Run next, go to the directory and run the following command:

Scrapy crawl quotes-o quotes.csv

After the command runs, there is an additional quotes.csv file in the project that contains everything you just crawled.

Many output formats are also supported, such as json, xml, pickle, marshal, etc., as well as remote output such as ftp, S3, and so on. In addition, other outputs can be achieved through custom ItemExporter.

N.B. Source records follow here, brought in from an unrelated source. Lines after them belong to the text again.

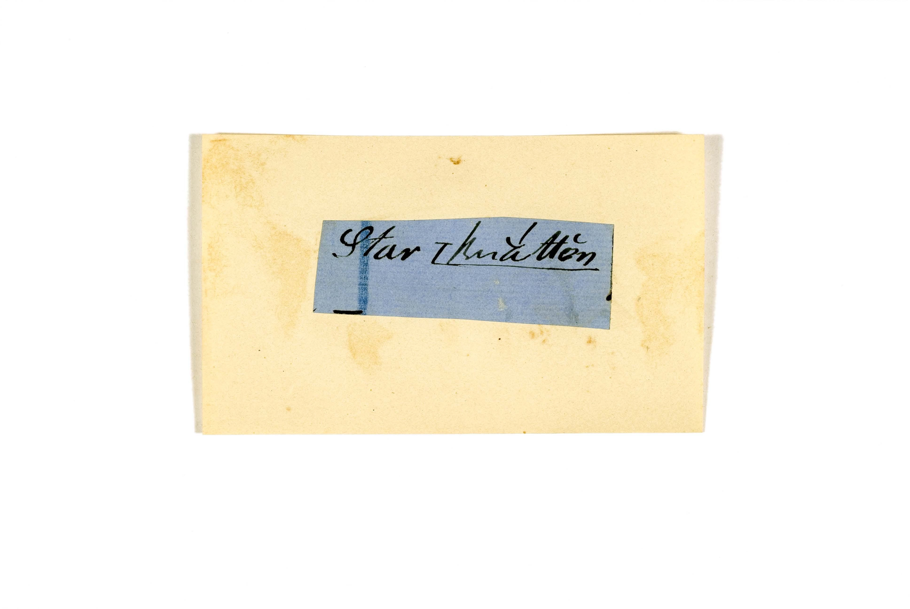 ink on blue paper glued on card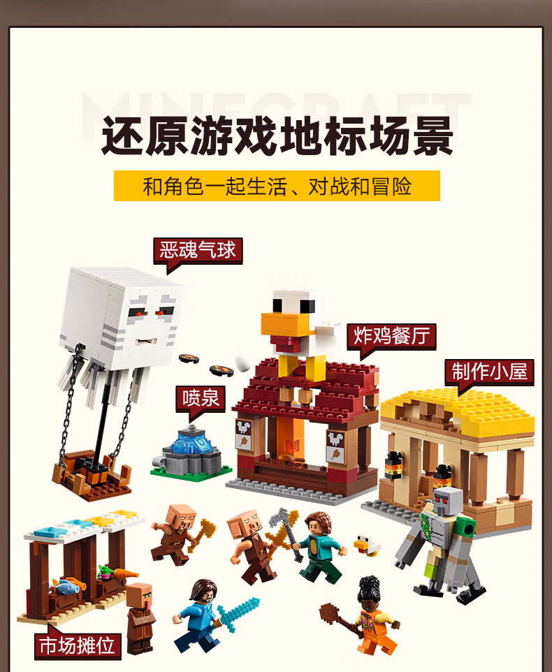 乐高积木我的世界恶魂气球村庄攻袭L21273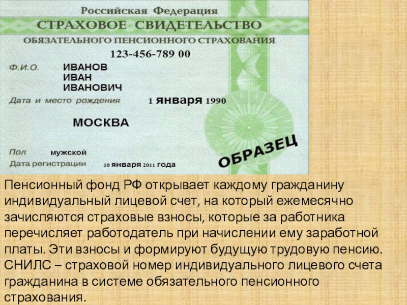 Слайд 13Пенсионный фонд РФ открывает каждому гражданину индивидуальный лицевой счет, на который

Scrapy crawl quotes-o quotes.jsonscrapy crawl quotes-o quotes.xmlscrapy crawl quotes-o quotes.picklescrapy crawl quotes-o quotes.marshalscrapy crawl quotes-o ftp://user:pass@ftp.example.com/path/to/quotes.csv

Among them, the ftp output needs to be correctly configured with user name, password, address and output path, otherwise an error will be reported.

With the Feed Exports provided by scrapy, we can easily output the crawl results to a file, which should be sufficient for some small projects. However, if you want more complex output, such as output to a database, you have the flexibility to use Item Pileline.

Example 2: crawling a picture

Target URL: http://sc.chinaz.com/tupian/dangaotupian.html

Create a project

Scrapy startproject get_imgcd get_imgscrapy genspider img_spider sc.chinaz.com

Construction request

The start_requests () method is defined in img_spider.py, such as crawling the cake image in this website, crawling 10 pages and generating 10 requests, as shown below:

Def start_requests (self): for i in range (1,11): if I = = 1: url = 'http://sc.chinaz.com/tupian/dangaotupian.html' else: url = f' http://sc.chinaz.com/tupian/dangaotupian_{i}.html' yield scrapy.Request (url, self.parse)

Write items.py

Import scrapyclass GetImgItem (scrapy.Item): img_url = scrapy.Field () img_name = scrapy.Field ()

Writing the img_spider.pySpider class defines how to crawl a Web site (for example, whether to follow a link) and how to extract structured data from the content of a web page (crawling item)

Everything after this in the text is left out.